§ Assigned task: Within the records below, find the line with "Marcia Funebre |" and the line with "Цена за комплект: Пенал", then reproduce exactly those two lines and all lines between them, without any picture.

Data Start Marker

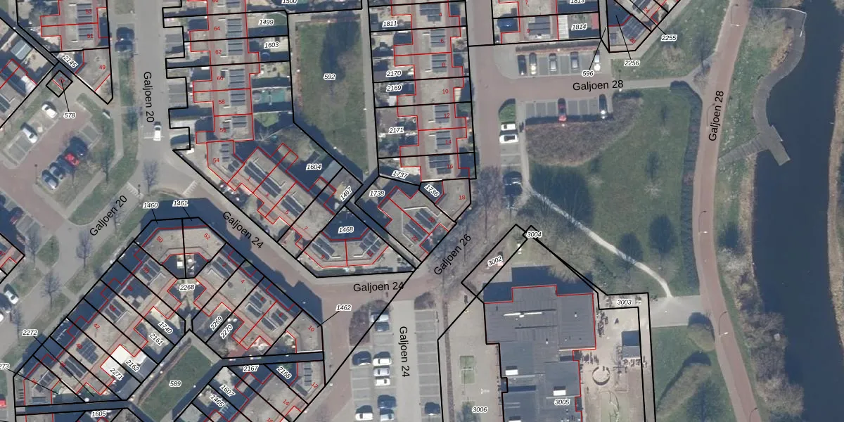 Galjoen 26 20 is gelegen op kadastraal perceel LLS00N1738. Deze kadastrale aanduiding is uniek en wordt gebruikt door het Kadaster om eigendomsrechten en andere zakelijke rechten vast te leggen. Het perceel maakt onderdeel uit van de kadastrale gemeente Lelystad.
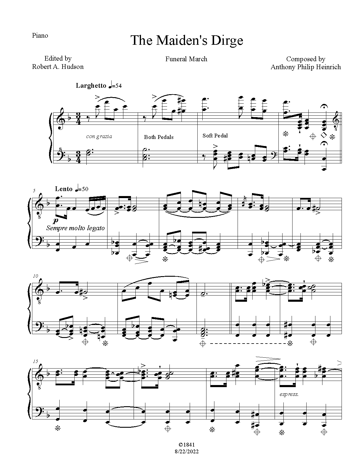 | Alternative. Title | A Lament composed for the Piano Forte. Marcia Funebre |
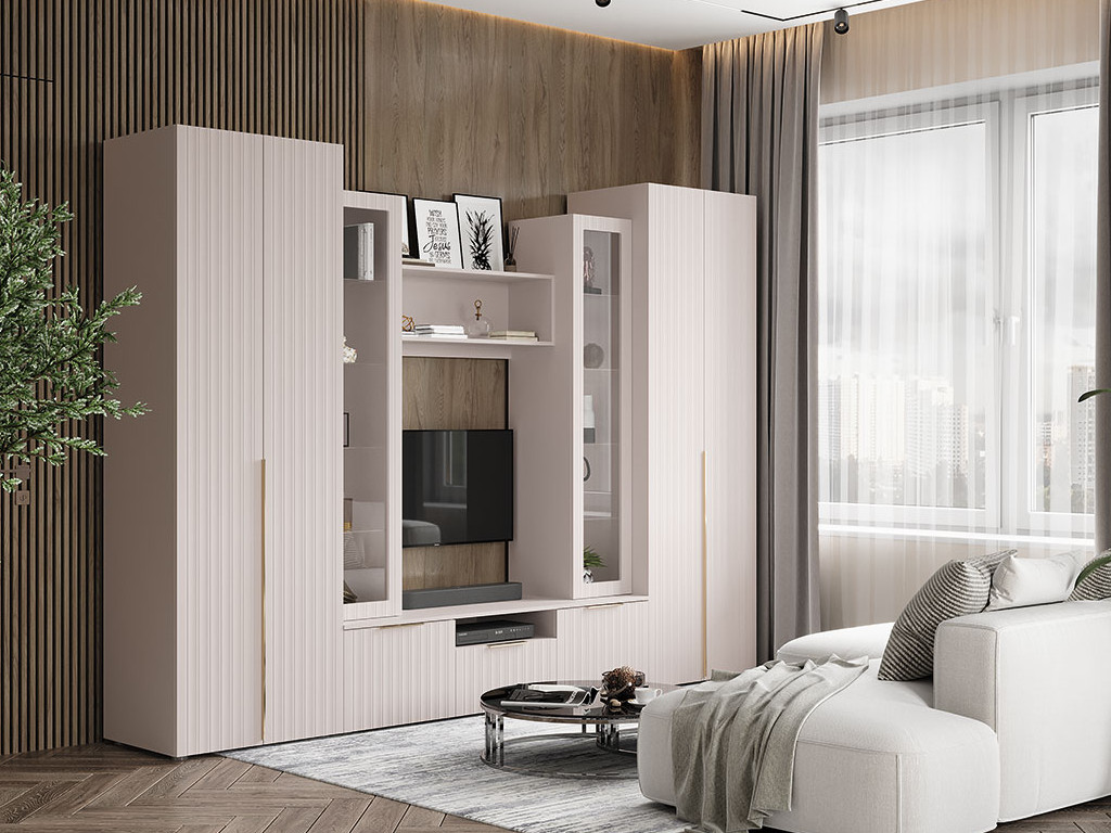 Цена за комплект: Пенал (надстройка) (2шт), Полка настенная №1, Тумба ТВ 2000, Пенал с полками (2шт)
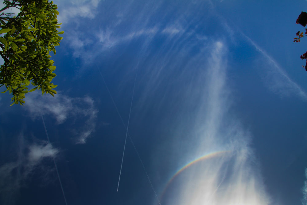 Most interesting picture, Hans. Looks like a vertical shot taken, where you can see a mixture of different weather phenomenon in the one place that doesn’t often get seen together, from precipitation and rainbows, to sun-dogs and halos, to contrails. From Rebecca Hill.
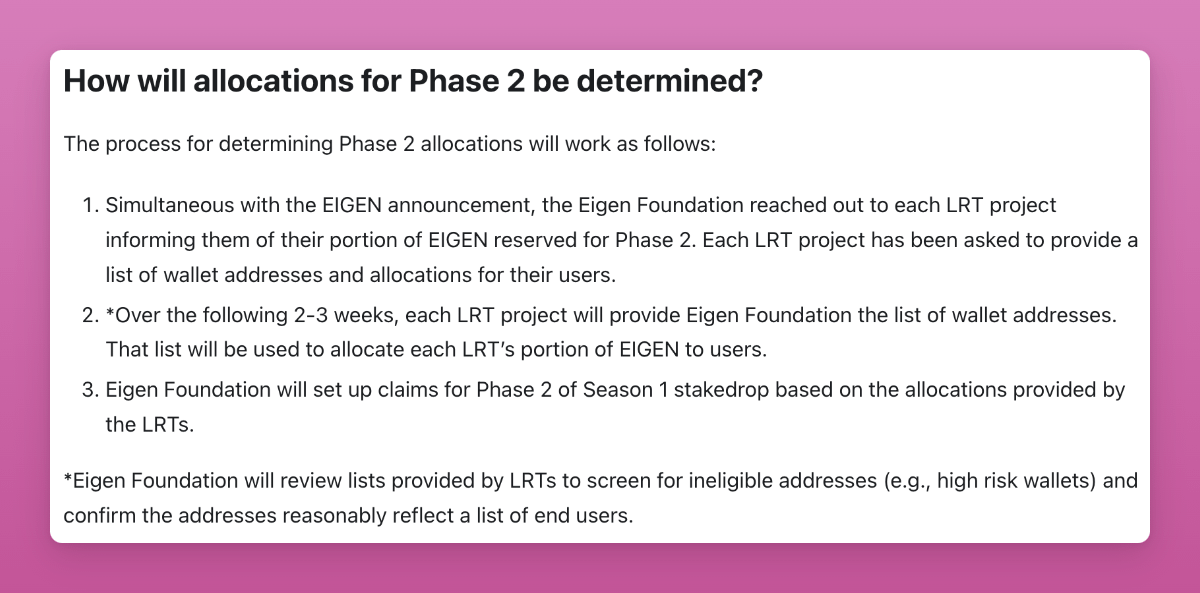 - Each LRT project will provide a list of wallet addresses within a 2-3 week period, which will be used for the EIGEN allocation.

Data End Marker

§ Reply to the exercise:
 | Alternative. Title | A Lament composed for the Piano Forte. Marcia Funebre |
 Цена за комплект: Пенал (надстройка) (2шт), Полка настенная №1, Тумба ТВ 2000, Пенал с полками (2шт)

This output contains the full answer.